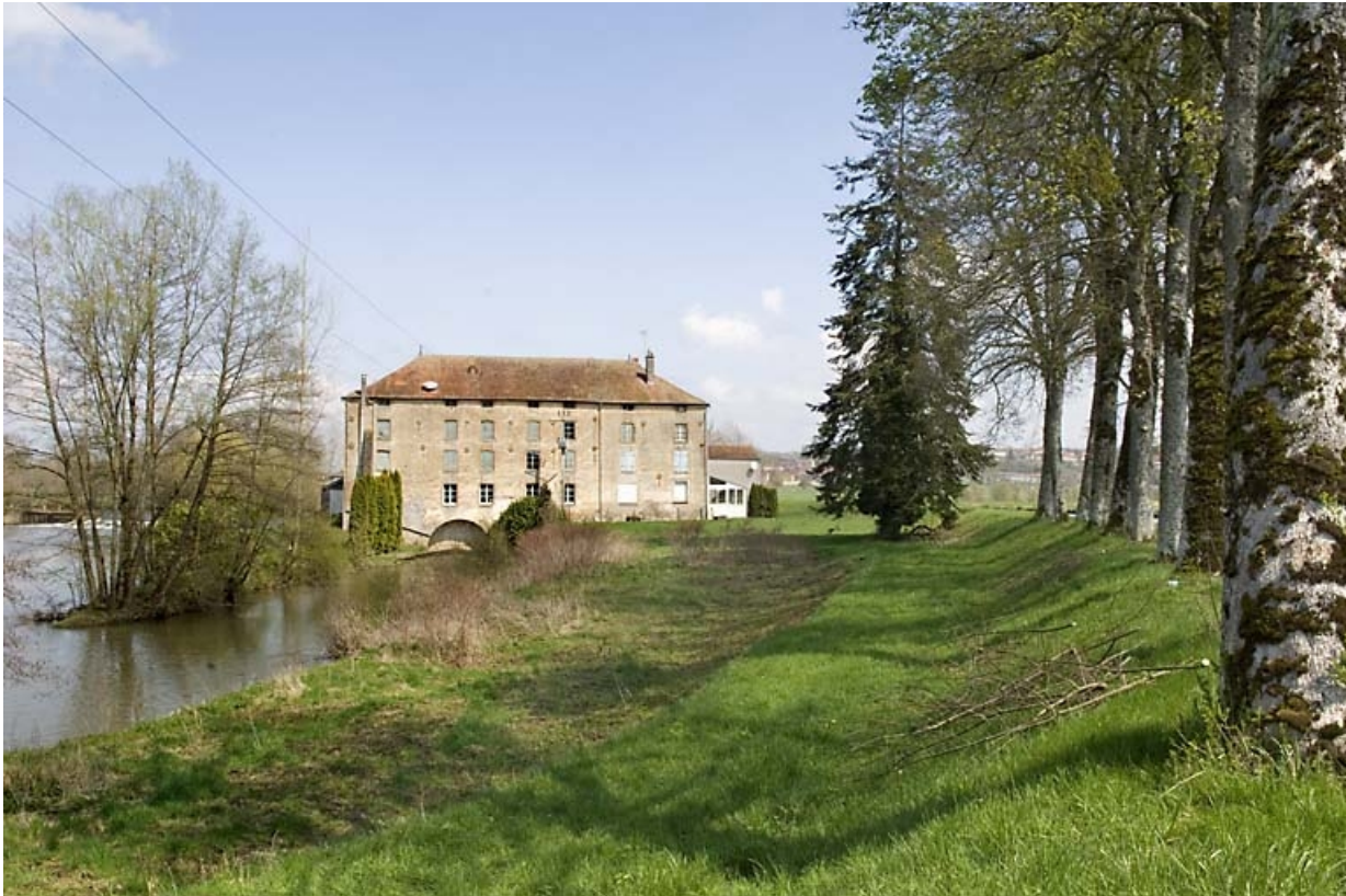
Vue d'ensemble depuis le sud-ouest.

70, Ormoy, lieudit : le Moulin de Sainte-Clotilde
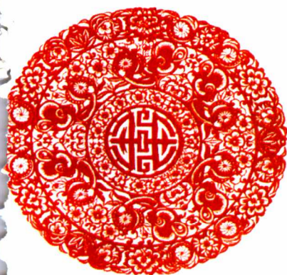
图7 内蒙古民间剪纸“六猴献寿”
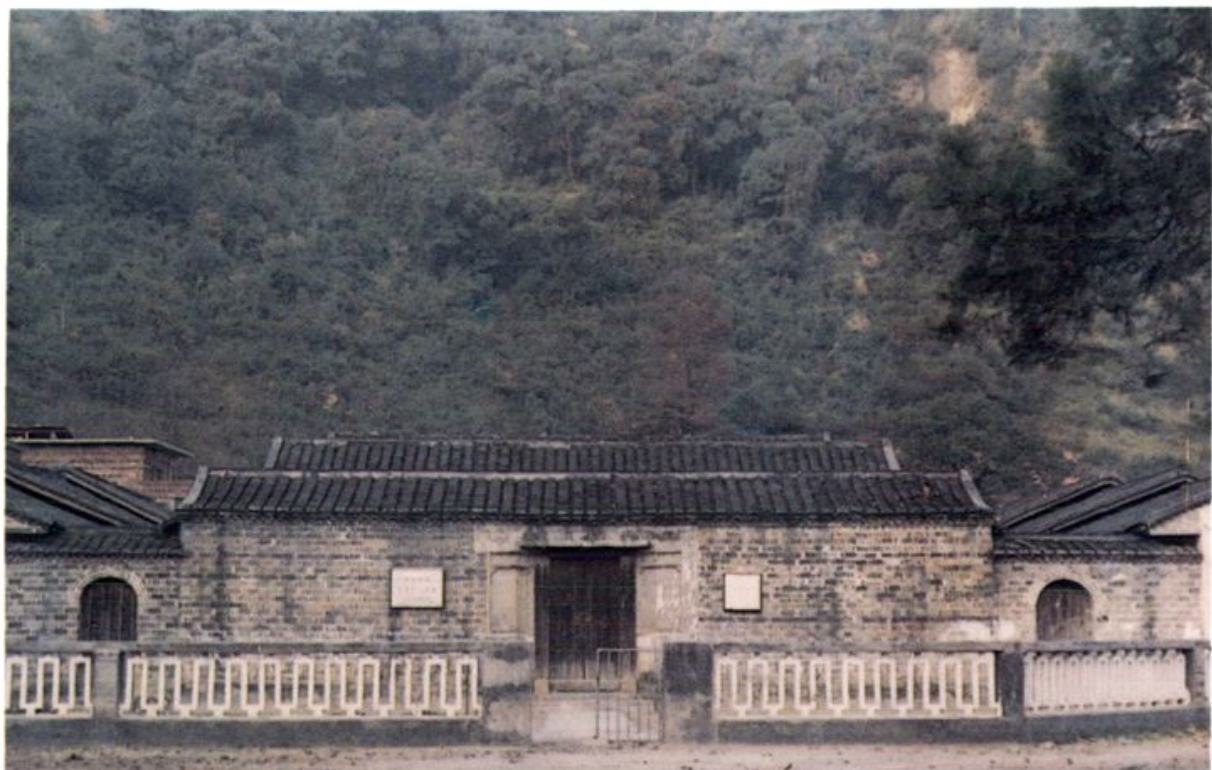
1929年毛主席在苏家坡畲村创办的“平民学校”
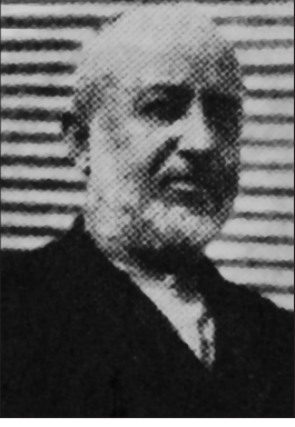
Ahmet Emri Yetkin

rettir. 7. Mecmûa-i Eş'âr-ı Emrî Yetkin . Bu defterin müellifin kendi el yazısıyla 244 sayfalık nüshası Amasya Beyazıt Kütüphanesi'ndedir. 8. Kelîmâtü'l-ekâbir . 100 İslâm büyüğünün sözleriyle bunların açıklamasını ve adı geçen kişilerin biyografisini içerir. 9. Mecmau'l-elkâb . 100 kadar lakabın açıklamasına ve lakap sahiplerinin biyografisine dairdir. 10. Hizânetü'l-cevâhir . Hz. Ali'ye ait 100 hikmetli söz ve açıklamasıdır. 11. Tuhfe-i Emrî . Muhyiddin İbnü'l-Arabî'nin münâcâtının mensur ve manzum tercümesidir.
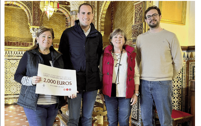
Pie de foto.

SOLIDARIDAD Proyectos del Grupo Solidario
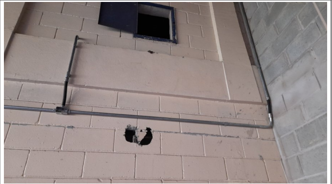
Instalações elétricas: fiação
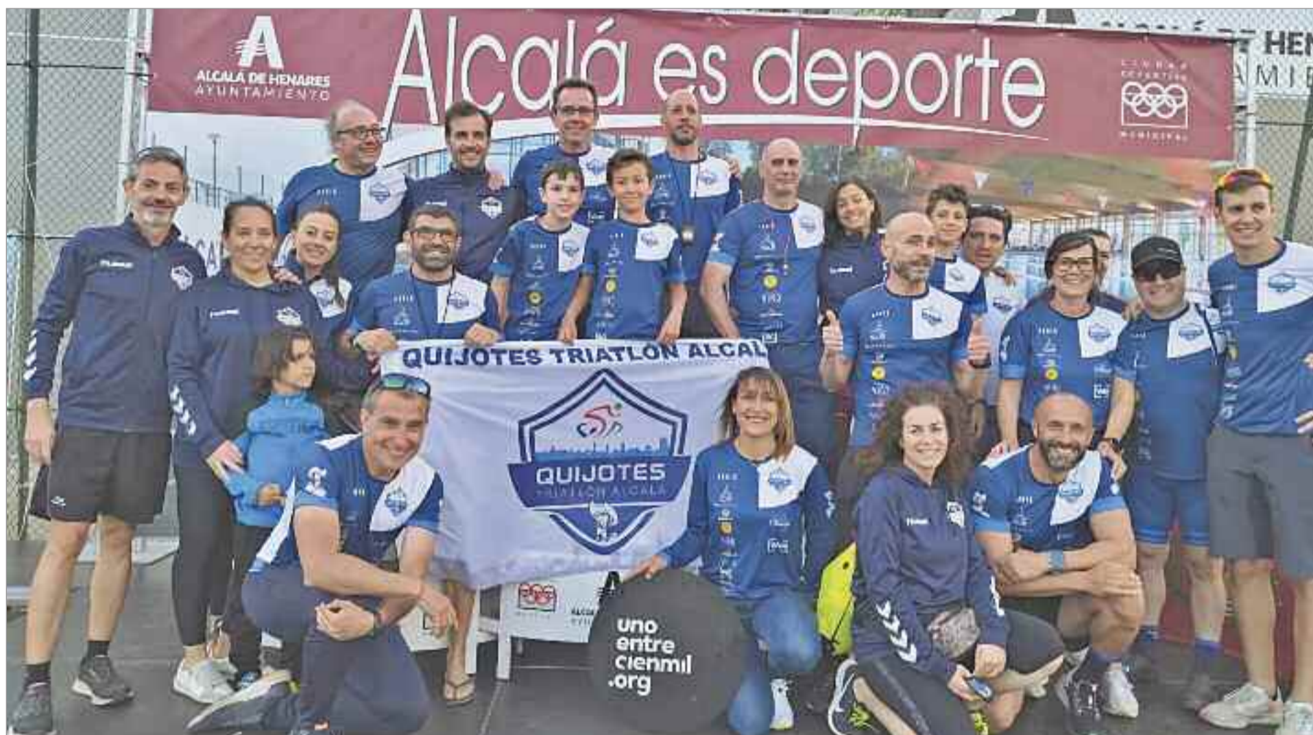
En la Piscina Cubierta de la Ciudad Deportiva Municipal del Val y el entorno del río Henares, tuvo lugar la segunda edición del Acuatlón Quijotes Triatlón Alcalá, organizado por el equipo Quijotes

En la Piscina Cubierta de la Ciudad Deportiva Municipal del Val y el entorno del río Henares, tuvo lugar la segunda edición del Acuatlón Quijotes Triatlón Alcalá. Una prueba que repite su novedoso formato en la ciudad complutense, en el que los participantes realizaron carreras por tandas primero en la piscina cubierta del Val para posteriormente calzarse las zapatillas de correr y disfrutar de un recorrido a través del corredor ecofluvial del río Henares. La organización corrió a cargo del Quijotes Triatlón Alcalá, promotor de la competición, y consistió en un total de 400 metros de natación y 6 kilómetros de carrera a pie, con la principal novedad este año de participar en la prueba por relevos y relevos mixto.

**Task item**
Lines wanted from the entries above: the one with "Pie de foto.", the one with "el equipo Quijotes", and all lines between. Please copy them exactly, without the pictures and without anything else.

**The completed task**
Pie de foto.

SOLIDARIDAD Proyectos del Grupo Solidario
Instalações elétricas: fiação
En la Piscina Cubierta de la Ciudad Deportiva Municipal del Val y el entorno del río Henares, tuvo lugar la segunda edición del Acuatlón Quijotes Triatlón Alcalá, organizado por el equipo Quijotes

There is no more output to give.